WASHINGTON—The first week of the annual U.N. climate talks taking place in Glasgow, Scotland are slated to conclude today. Below is a statement by Dr. Rachel Cleetus, policy director and lead economist in the Climate and Energy Program at the Union of Concerned Scientists (UCS), offering an update on the progress made at COP26 so far and a look forward to the work that will need to take place next week to ensure the talks are a success. Dr. Cleetus has attended the U.N.’s international climate talks and partnered with the international community on climate and energy policies for more than 14 years.
“While the first week of the U.N. climate talks in Glasgow featured announcements of some important global climate initiatives, not nearly enough progress has been made on the core issues: enhancing ambition on emission reduction pledges, growing climate finance commitments, and addressing loss and damage in a meaningful way. Nations have significant work to do in the second week of COP26 to lay the groundwork for closing the ambition gap quickly so that global climate goals remain within reach in this consequential decade.
“The World Leaders Summit included fiery and sobering speeches, including a powerful plea from Kenyan youth activist Elizabeth Wathuti, who urged leaders to open their hearts and act. Leaders, including U.S. President Joe Biden, spoke clearly to the urgency of the science and the many benefits of embracing a clean energy future. Yet domestic political uncertainties and the sway of the fossil fuel industry loomed large in the background.

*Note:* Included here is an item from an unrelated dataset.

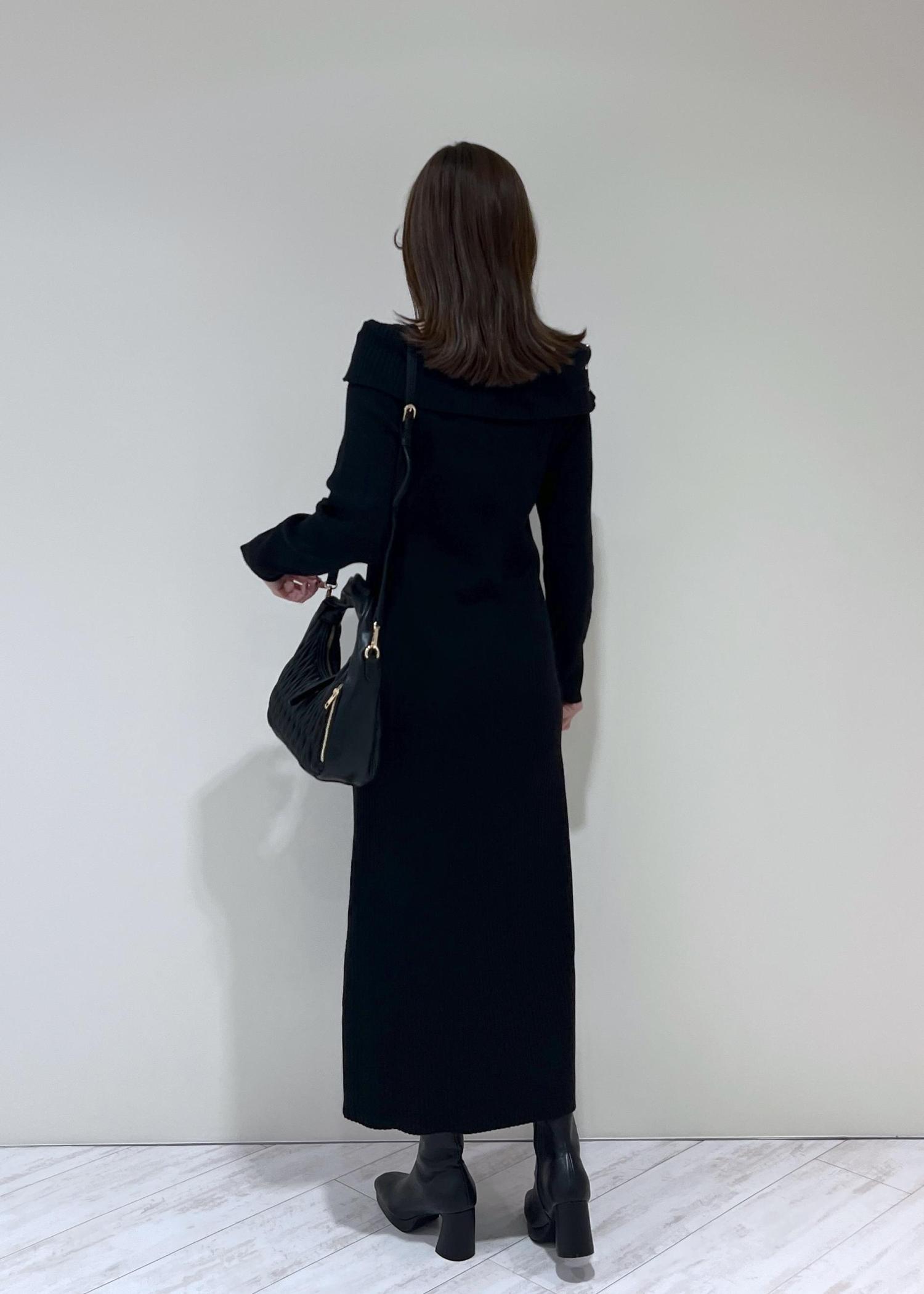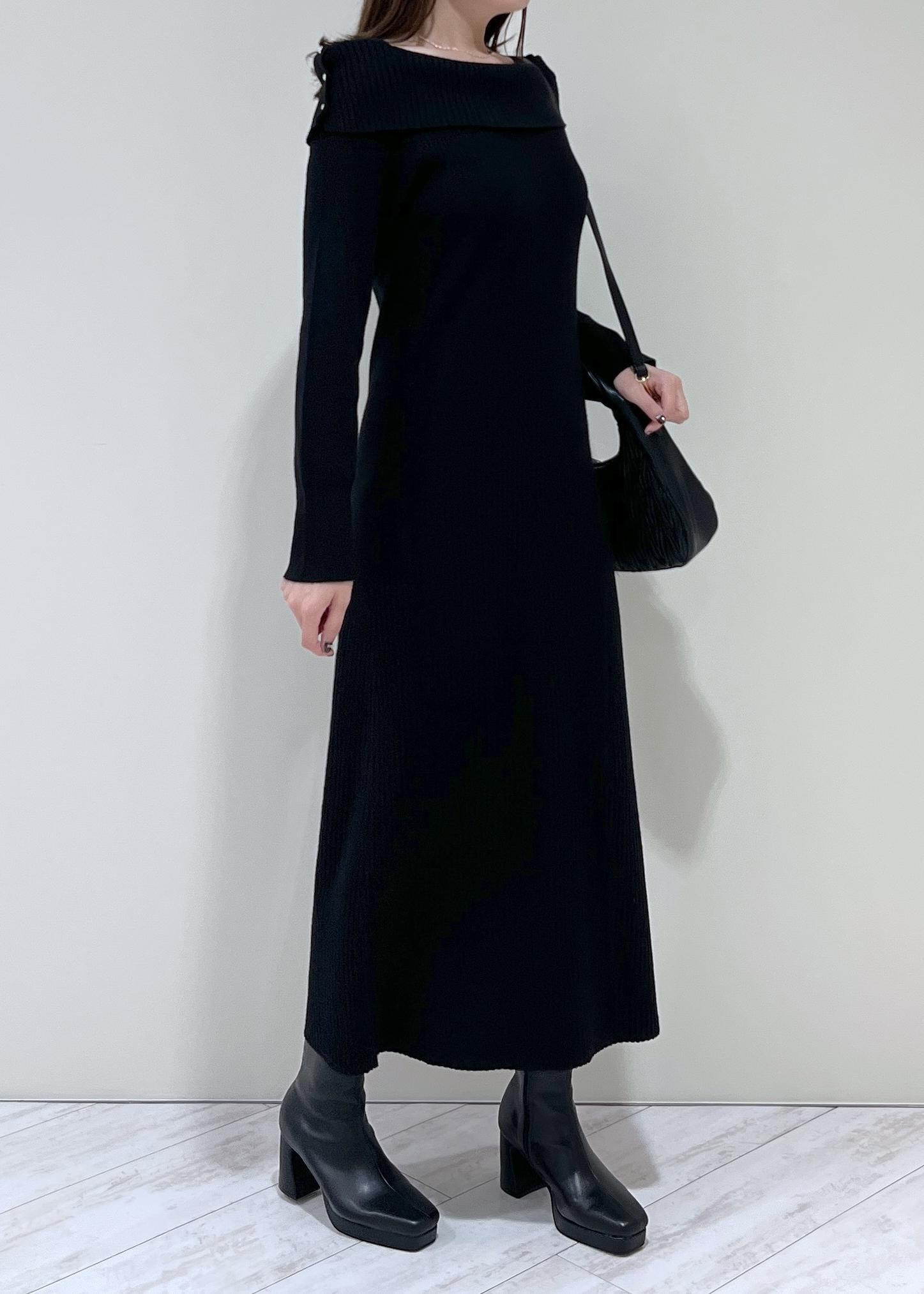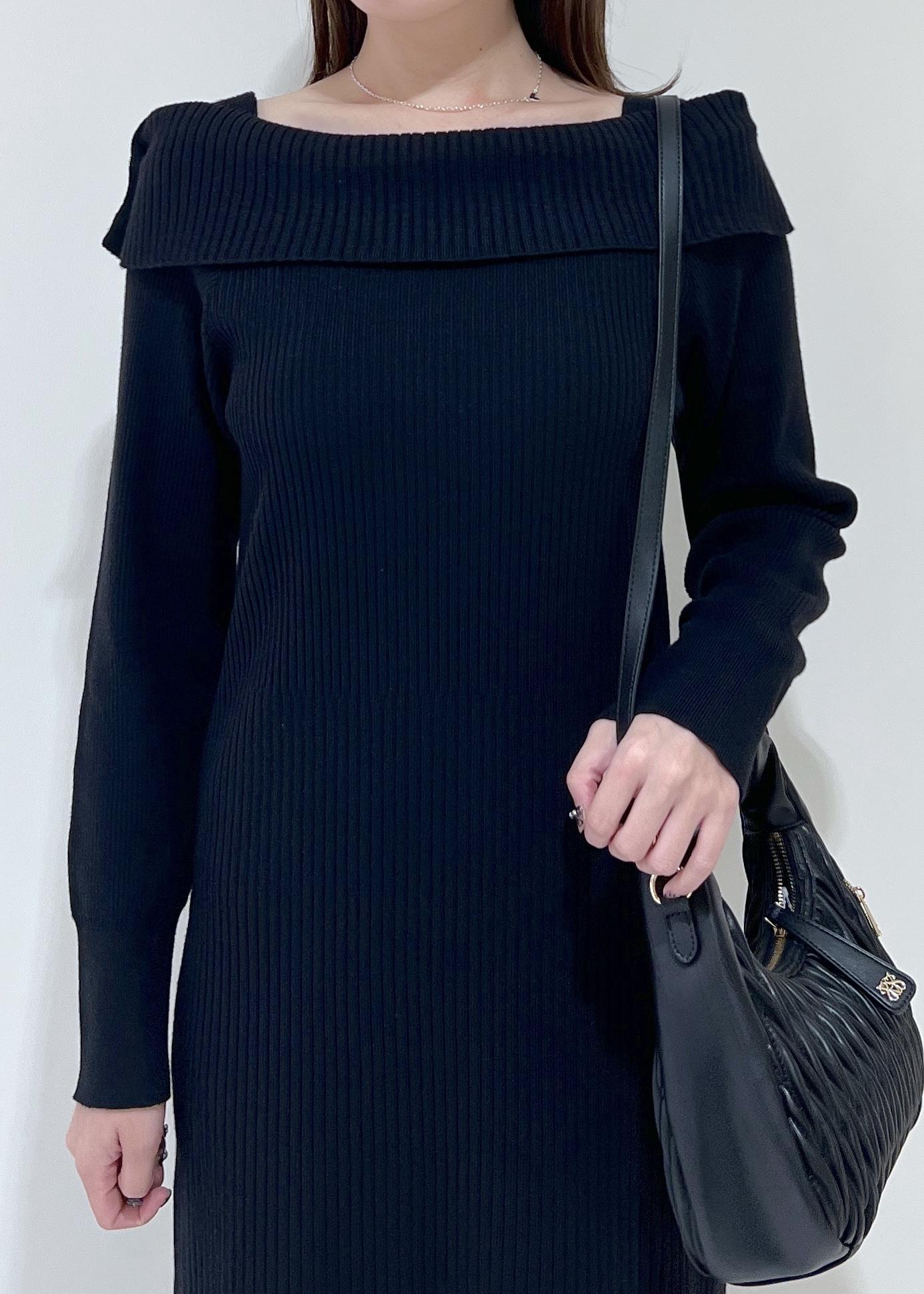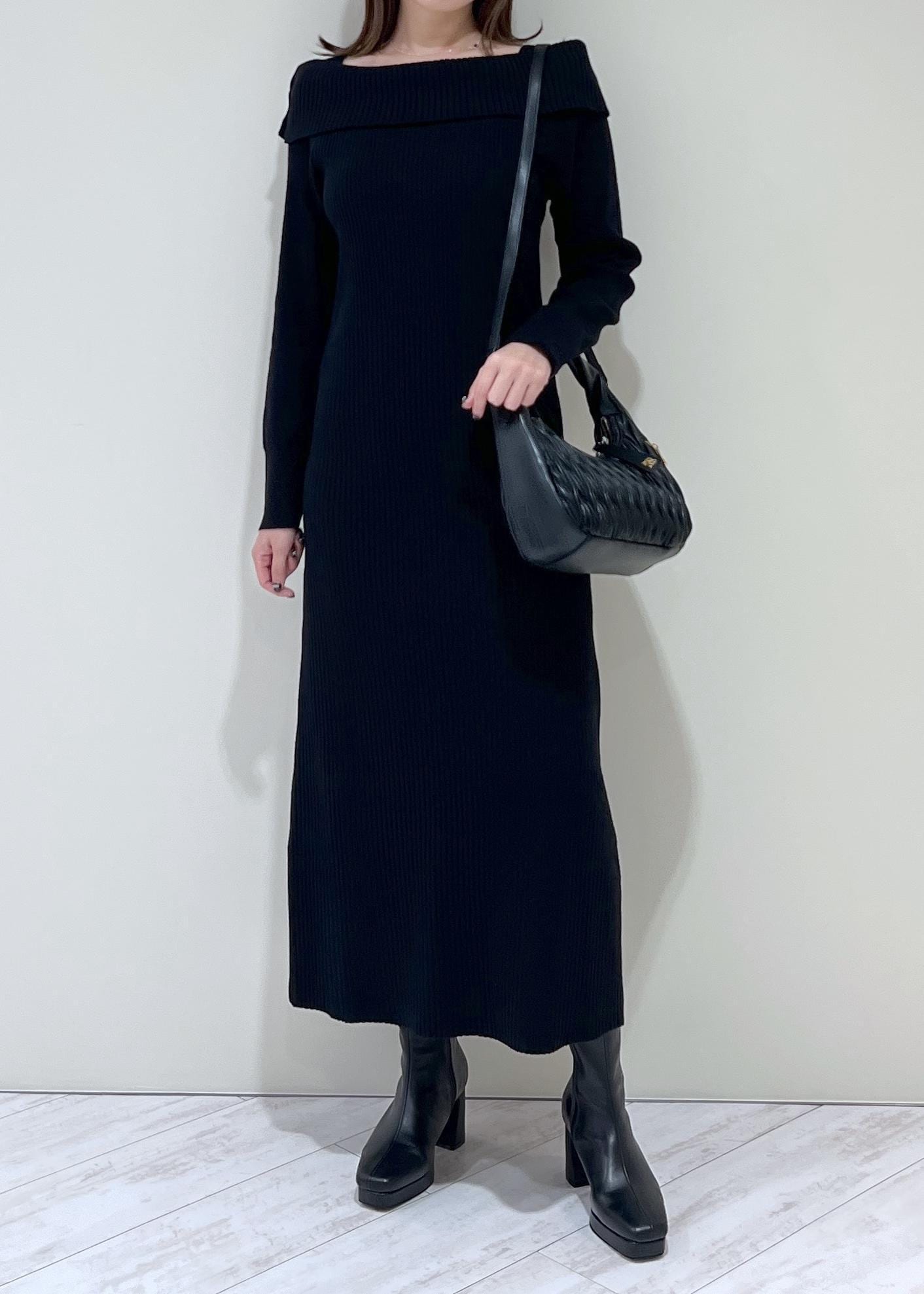 アシメオフショルリブニット美シルエットワンピース/着丈が選べる
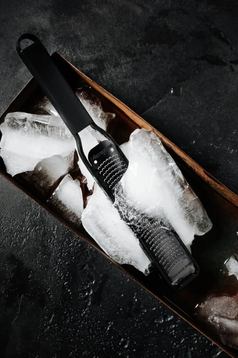 Microplanes Black Sheep Series Zester kan användas för att riva alla sorters citrusfrukter och hård ost, ingefära, choklad, muskot och tryffel till en fin rivning. Det eleganta, helt svarta rivjärnet är tillverkat av rostfritt stål med en PVD-beläggning för extra repmotstånd, och det halkfria gummihandtaget säkerställer ett bra grepp. År 2022 vann Black Sheep Series rivjärnen Red Dot Award.

“During week one of the U.N. climate talks, a flurry of initiatives were announced, including an effort to curtail highly potent methane emissions, stop global deforestation by 2030, and a private sector initiative aiming to catalyze more than $100 trillion over the next three decades to reach net-zero carbon emissions. Dozens of countries, including the United States, also pledged to stop overseas public financing for unabated fossil fuel energy by the end of 2022 and shift funding to clean energy instead. And more than 40 nations committed to phasing out coal, though major emitters including the United States, China, India and Australia were conspicuously absent from this pledge.
“The bottom line remains that nations’ commitments to reduce heat-trapping emissions continue to fall short of what science shows is necessary, even as devastating climate impacts unfold around the world. Climate finance pledges to help developing countries also remain woefully insufficient. In the week ahead, negotiators must race to address these gaps, while also delivering a completed and robust rulebook to implement the Paris Agreement. Loss and damage, which refers to those climate impacts so extreme they cannot be addressed through adaptation measures, must be treated as an ongoing priority issue at the COP. The operational launch of the Santiago network for loss and damage, aimed at delivering much-needed technical assistance for climate vulnerable developing countries, is vital this year.
“As the U.N. climate talks continue, the ongoing climate-related drought and famine in Madagascar—with more than one million people including young children at risk of malnutrition and starvation—epitomizes the unjust and urgent nature of the climate crisis, which is manifesting globally. The scientific and moral imperative to act boldly could not be clearer. The time for incrementalism is over. Pushing past business-as-usual politics is the need of the hour, and that must be at the top of the agenda for policymakers in the final week of the Glasgow climate talks.”